Task directions:
Only one stretch of the material below is wanted: everything from the line containing "Рукоять изготовлена из" down to the line containing "1路可控硅 固态继电器开关模块 光耦隔离MOS晶体管输出", both ends included. Repeat it exactly and skip the pictures.

Extracted data:
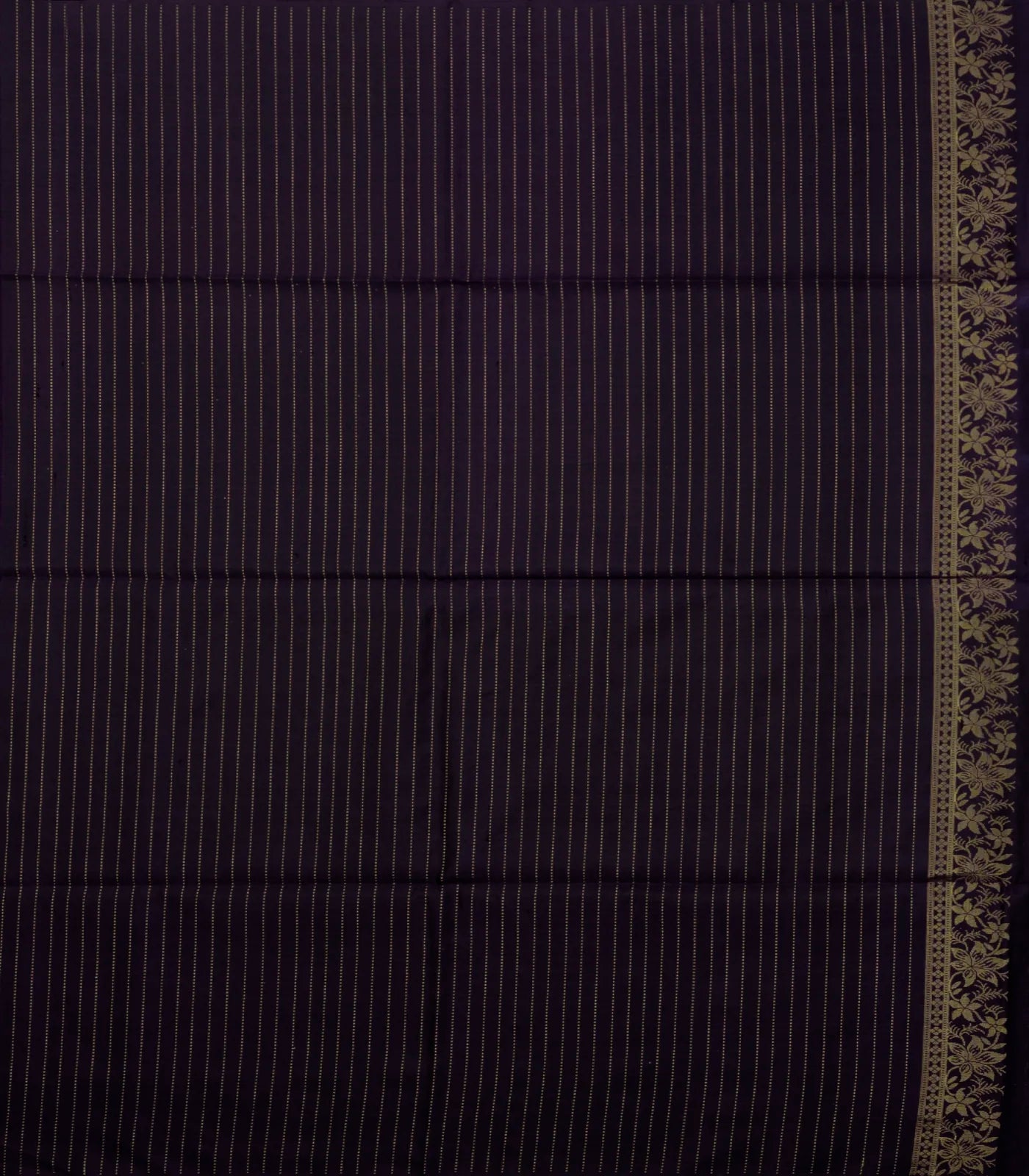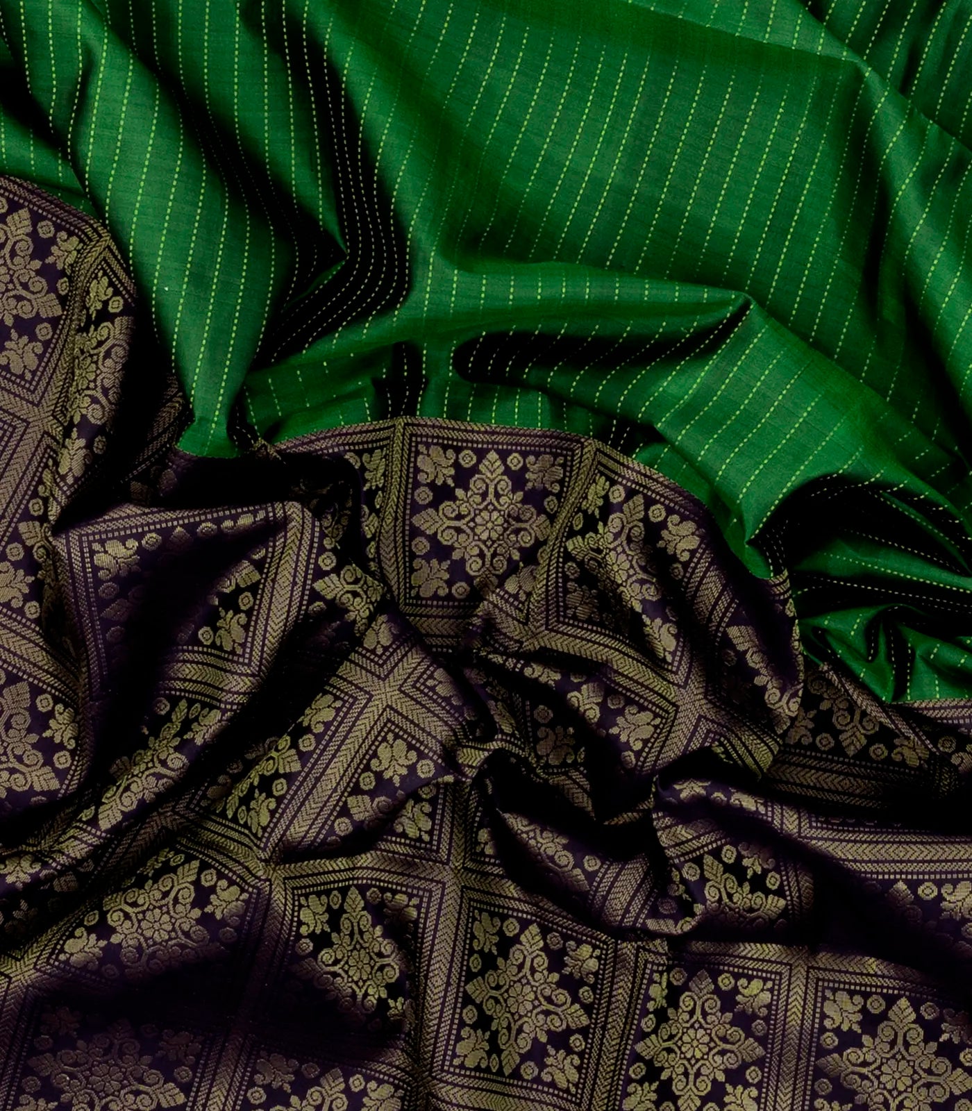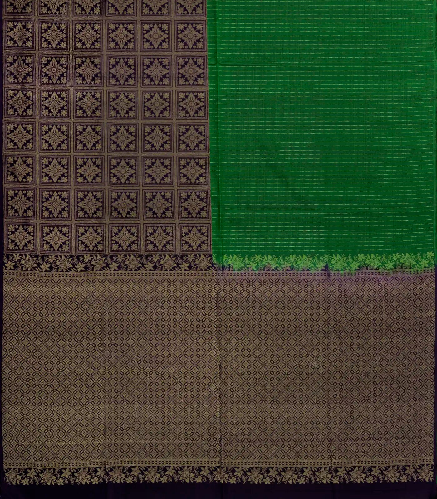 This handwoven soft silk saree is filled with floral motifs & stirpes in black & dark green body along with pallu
--
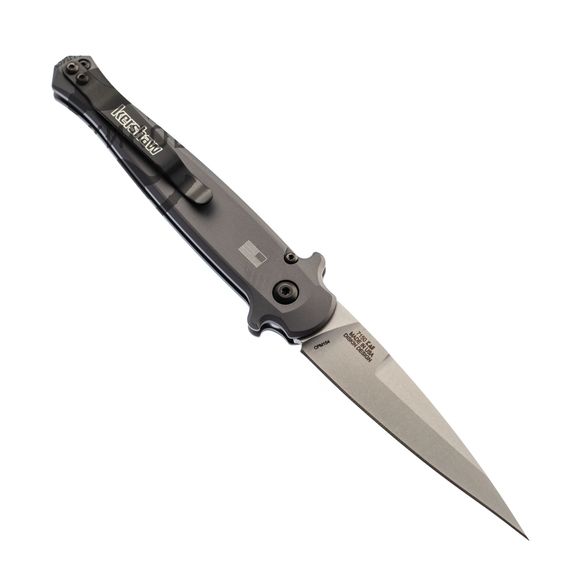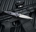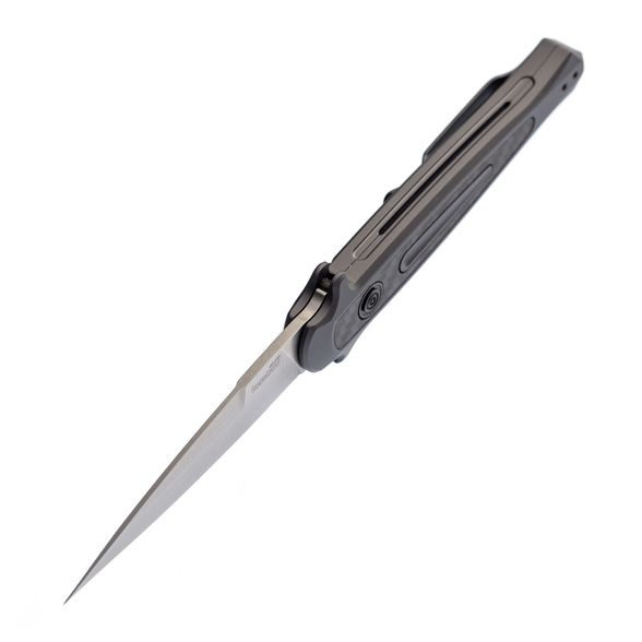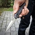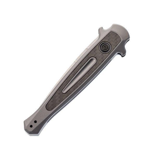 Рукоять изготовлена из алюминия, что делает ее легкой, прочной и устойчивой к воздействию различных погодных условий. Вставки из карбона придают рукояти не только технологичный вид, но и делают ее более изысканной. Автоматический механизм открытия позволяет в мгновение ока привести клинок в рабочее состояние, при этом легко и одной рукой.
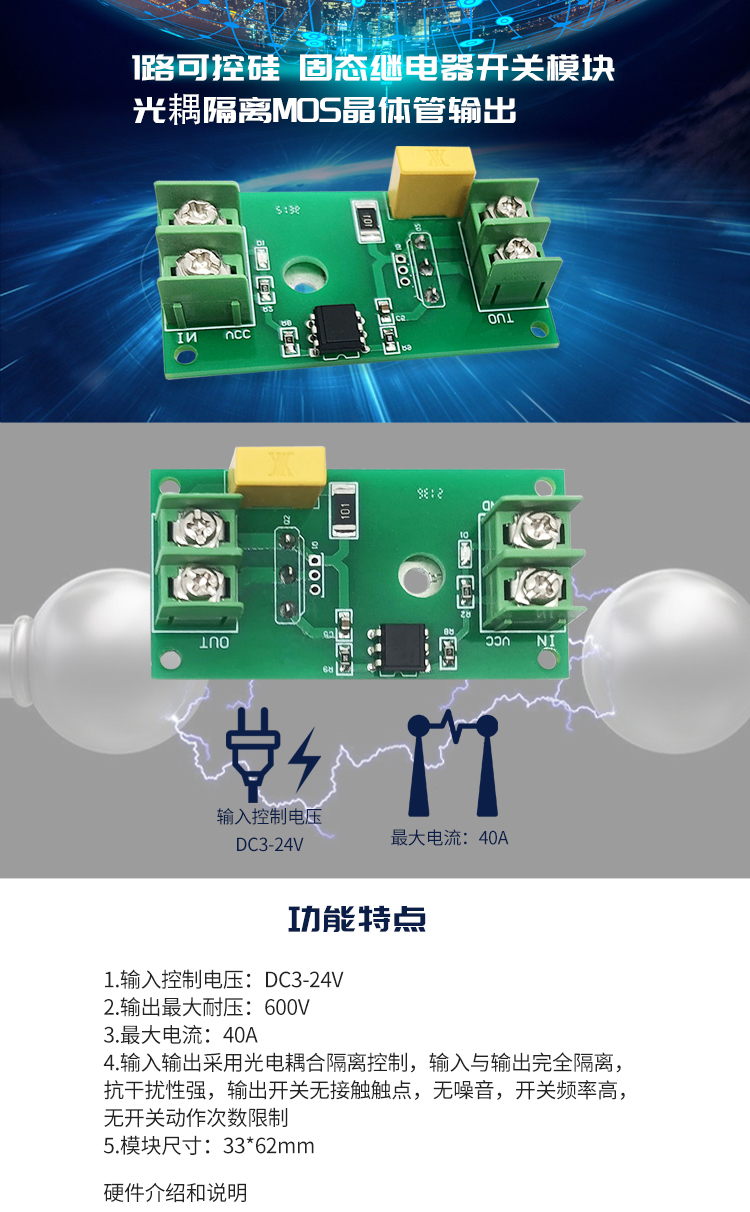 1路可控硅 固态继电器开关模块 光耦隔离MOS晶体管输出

Written answer:
 Рукоять изготовлена из алюминия, что делает ее легкой, прочной и устойчивой к воздействию различных погодных условий. Вставки из карбона придают рукояти не только технологичный вид, но и делают ее более изысканной. Автоматический механизм открытия позволяет в мгновение ока привести клинок в рабочее состояние, при этом легко и одной рукой.
 1路可控硅 固态继电器开关模块 光耦隔离MOS晶体管输出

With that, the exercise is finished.